Песталоцци поступает в Цюрихский коллеж, где обстановка была близка скорее духу эпохи Просвещения, нежели эпохе утилитаризма. Он так описывал установки и настроения этого учебного заведения: «Независимость, самостоятельность, благотворительность, самопожертвование и любовь к отечеству были лозунгом нашего общественного образования. Преподавание. которым мы пользовались в живом и привлекательном изложении, было направлено к тому, чтобы поселить в нас равнодушие к богатству и почестям. Нас учили верить, что бережливость и ограничение личных потребностей могут заменить богатство и что совсем не нужно большого состояния и высокого общественного положения, чтобы пользоваться и домашним счастьем, и гражданской самостоятельностью… Обладая только самыми поверхностными школьными познаниями о великой гражданской жизни Греции и Рима, мы мечтали насадить порядки этой гражданственности в родном кантоне… Желание противодействовать нравственному упадку моего отечества было присуще каждому истинно благородному гражданину и исходило из сердца, полного любви к родине».[266]
После окончания коллежа перед ним встала серьезная проблема. Что делать дальше? Сегодня кое-где пораженная раковыми метастазами меркантилизма и практицизма молодежь пытается «вычислить»: а где бы ей так устроиться, чтобы одновременно сытно, денежно и беспроблемно было. И как уж здорово, если бы с них вообще сняли всякую обязанность думать и решать самостоятельно. Одним словом, идеальные условия для жвачных животных!
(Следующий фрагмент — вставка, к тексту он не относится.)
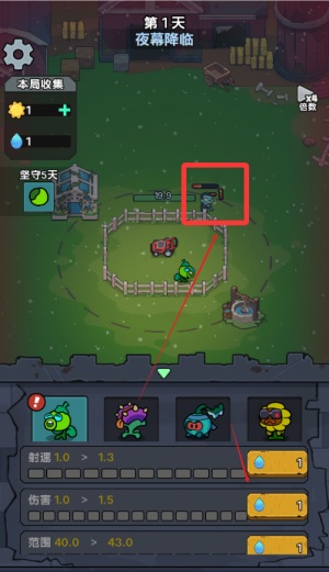 3、抵抗僵尸的进攻,获得水滴可以提升植物的属性。

Швейцарцы так не думали. Оттого они, вероятно, и живут в сто раз лучше нас, россиян. Песталоцци ни минуты не сомневается, что вся его деятельность должна быть направлена на дело служения простому народу. Позже он сам в сжатой форме выразит устремления своей жизни в посвящении, которым открывается одна из его книг: «Низшему классу населения Гельвеции» (авт. – Швецария). Я долго смотрел на твое жалкое, тяжелое положение, и сердце мое исполнилось скорбью. Дорогой мой народ, сказал я себе, я помогу тебе. У меня нет искусства, я не вооружен наукой, в этом свете я ничто, совсем ничто, но я хорошо знаю тебя и отдаю тебе все, что успел приобресть в течение моей трудовой жизни. Я отдаю тебе всего себя. Читай, что я предлагаю, без предрассудка, и если кто-нибудь даст тебе лучшее, брось меня; пусть в твоих глазах я превращусь в то же «ничто», каким я прожил всю мою жизнь. Но если тебе не скажет никто того, что говорю я, никто не скажет так доступно и пригодно, как говорю я, то подари мою память, мою жизнь, мою угасшую для тебя деятельность слезою – одною только слезою»… Вот это Личность! Вот – Гражданин! Вот – Друг народа!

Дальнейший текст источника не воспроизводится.